The cruise sector’s revival is a critical component of Singapore’s tourism strategy, with the country aiming to reclaim its status as a leading homeport in Southeast Asia. The return of major cruise lines signals confidence in the region’s recovery, with passenger volumes expected to surpass pre-pandemic levels by late 2025.
Singapore will host medtech conference LSI Asia 2025, the first in Asia, and Herbalife Extravaganza 2026, with an expected 25,000 visitors. Destination hotels, in which hotels serve as destinations in their own right due to distinctive elements such as experiences, attractions, and architecture, have been noted as a trend. An example is Banyan Tree's Mandai Rainforest Resort, which opened in April.

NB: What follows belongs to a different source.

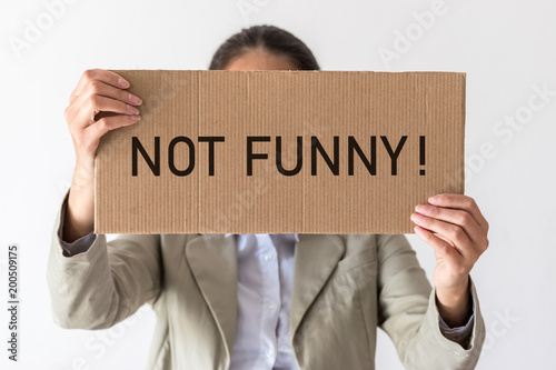A woman holds a banner with the inscription NOT FUNNY
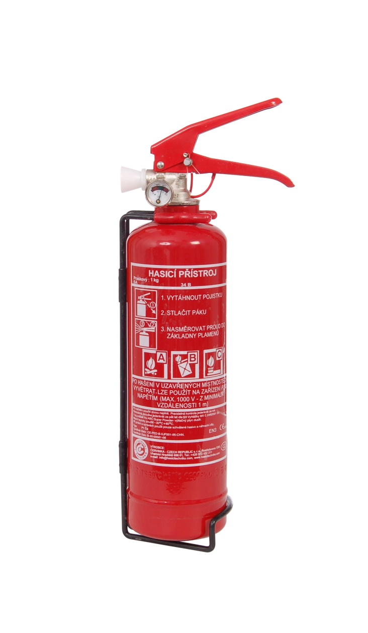 Součástí balení je také držák hasicího přístroje. Hasicí přístroj dodáváme včetně plomby, kontrolního štítku a dokladu o kontrole.

Visitors can also expect more sports and music events, as well as lifestyle options that place a greater emphasis on wellbeing. Ms. Ow stated that in 2024, tourism companies invested more than $3.2 billion in new products and experiences, but noted that "there is much to be done".
“Work has already started, and we are putting in place the building blocks that will anchor our future as a world-class destination, as a global hub and a home that we proudly advocate for,” she said.